▶ WORK TO COMPLETE
All lines below between the line with "Holly Holm's MMA" and the line with "خینه. [ ن َ", including both, must be copied exactly, and the pictures must be omitted.

▶ DATA SECTION
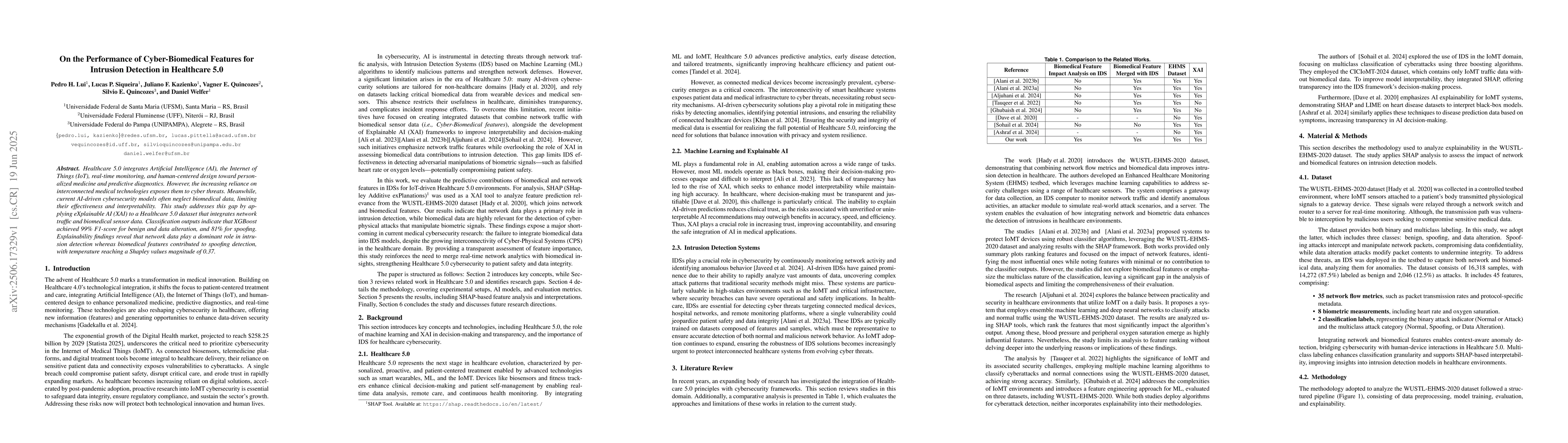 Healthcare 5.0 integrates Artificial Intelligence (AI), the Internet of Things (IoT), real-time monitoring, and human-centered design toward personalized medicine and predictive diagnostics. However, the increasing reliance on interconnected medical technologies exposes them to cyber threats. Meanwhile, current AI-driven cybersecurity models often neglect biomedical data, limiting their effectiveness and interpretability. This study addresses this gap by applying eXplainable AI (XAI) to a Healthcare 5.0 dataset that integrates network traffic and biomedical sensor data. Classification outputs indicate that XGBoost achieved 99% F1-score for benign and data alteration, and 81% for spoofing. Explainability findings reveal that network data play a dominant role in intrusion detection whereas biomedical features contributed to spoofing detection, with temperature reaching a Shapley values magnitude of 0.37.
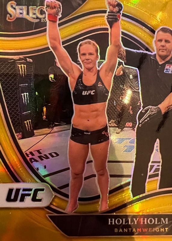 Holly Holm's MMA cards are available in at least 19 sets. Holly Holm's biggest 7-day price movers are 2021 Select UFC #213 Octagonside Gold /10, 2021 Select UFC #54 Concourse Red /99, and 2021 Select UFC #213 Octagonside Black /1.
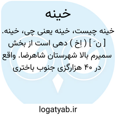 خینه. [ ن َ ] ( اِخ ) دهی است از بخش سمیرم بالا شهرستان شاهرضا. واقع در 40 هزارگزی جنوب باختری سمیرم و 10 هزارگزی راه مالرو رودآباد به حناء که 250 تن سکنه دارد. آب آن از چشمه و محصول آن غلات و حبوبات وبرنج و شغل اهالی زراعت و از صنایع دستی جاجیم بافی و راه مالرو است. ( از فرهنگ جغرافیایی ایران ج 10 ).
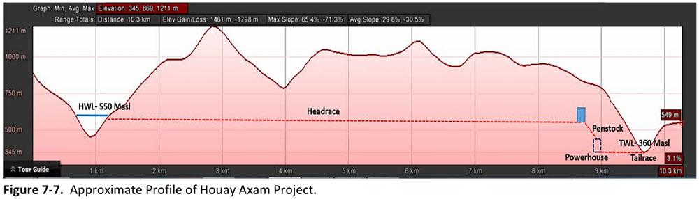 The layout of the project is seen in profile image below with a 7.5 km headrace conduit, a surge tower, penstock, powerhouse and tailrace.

▶ WRITTEN ANSWER
 Holly Holm's MMA cards are available in at least 19 sets. Holly Holm's biggest 7-day price movers are 2021 Select UFC #213 Octagonside Gold /10, 2021 Select UFC #54 Concourse Red /99, and 2021 Select UFC #213 Octagonside Black /1.
 خینه. [ ن َ ] ( اِخ ) دهی است از بخش سمیرم بالا شهرستان شاهرضا. واقع در 40 هزارگزی جنوب باختری سمیرم و 10 هزارگزی راه مالرو رودآباد به حناء که 250 تن سکنه دارد. آب آن از چشمه و محصول آن غلات و حبوبات وبرنج و شغل اهالی زراعت و از صنایع دستی جاجیم بافی و راه مالرو است. ( از فرهنگ جغرافیایی ایران ج 10 ).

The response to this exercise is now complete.